Fluid analysis of such samples can be performed in a laboratory to
measure dead oil and live oil properties of the samples as is well
known. Such properties can include live fluid density (.rho.), live
fluid viscosity (.mu.), concentrations (e.g., weight percentages)
of single carbon components and pseudocomponents of the reservoir
fluids (such as carbon dioxide (CO.sub.2), methane (CH.sub.4),
ethane (C.sub.2H.sub.6), the C3-C5 alkane group, the lump of hexane
and heavier alkane components (C6+), and asphaltene content), GOR,
and possibly other parameters (such as API gravity, oil formation
volume factor (B.sub.0), etc.). The output of such laboratory fluid
analysis can be used to characterize the reservoir fluids as part
of the workflow of the present application.

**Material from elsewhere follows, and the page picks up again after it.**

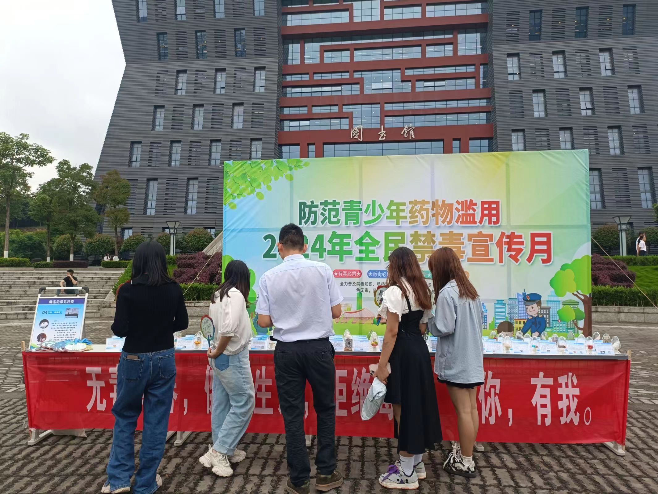 为响应国家禁毒委员会关于全民禁毒宣传的相关要求,根据学校2024年禁毒宣传月工作安排,围绕防范青少年药物滥用主题,积极提升学校师生防范涉麻精药品等成瘾性物质滥用的意识和能力,6月26日,在“国际禁毒日”来临之际,由保卫处主办的“防范青少年药物滥用”国际禁毒日主题宣传活动在图书馆前广场举行。

[0253] The computational models and computational analysis
described herein can also be integrated into reservoir simulation
systems in order to predict fluid properties of the reservoir fluid
during production. For example, the predictions of viscosity of the
reservoir fluids as well as the viscosity model (and/or related
parameters) can be integrated into a reservoir simulation system to
simulate, plan, and execute enhanced production processes for heavy
oil.
[0254] There have been described and illustrated herein embodiments
of a method for analysis of the fluid properties (particularly
viscosity) of a reservoir of interest and for characterizing the
reservoir of interest based upon such analysis. While particular
equations of state models, solubility models, and applications of
such models have been disclosed for predicting properties of
reservoir fluid, it will be appreciated that other such models and
applications thereof could be used as well. Moreover, the
methodology described herein is not limited to stations in the same
wellbore. For example, measurements from samples from different
wells can be analyzed as described herein for testing for lateral
connectivity. In addition, the workflow as described herein can be
modified. For example, it is contemplated that other solute part
classes (such as a solute class type including both asphaltene
nanoaggregates and asphaltene clusters) can be defined. In another
example, user input can select the solute type classes from a list
of solute type classes for processing. The user might also be able
to specify certain parameters for the processing, such as diameters
that are used as input to the solubility model to derive
concentration curves for the relevant solute part classes as well
as optical density wavelengths that are used to correlate such
concentrations to concentrations measured by downhole fluid
analysis. It will therefore be appreciated by those skilled in the
art that yet other modifications could be made to the disclosed
embodiments without deviating from its scope as claimed.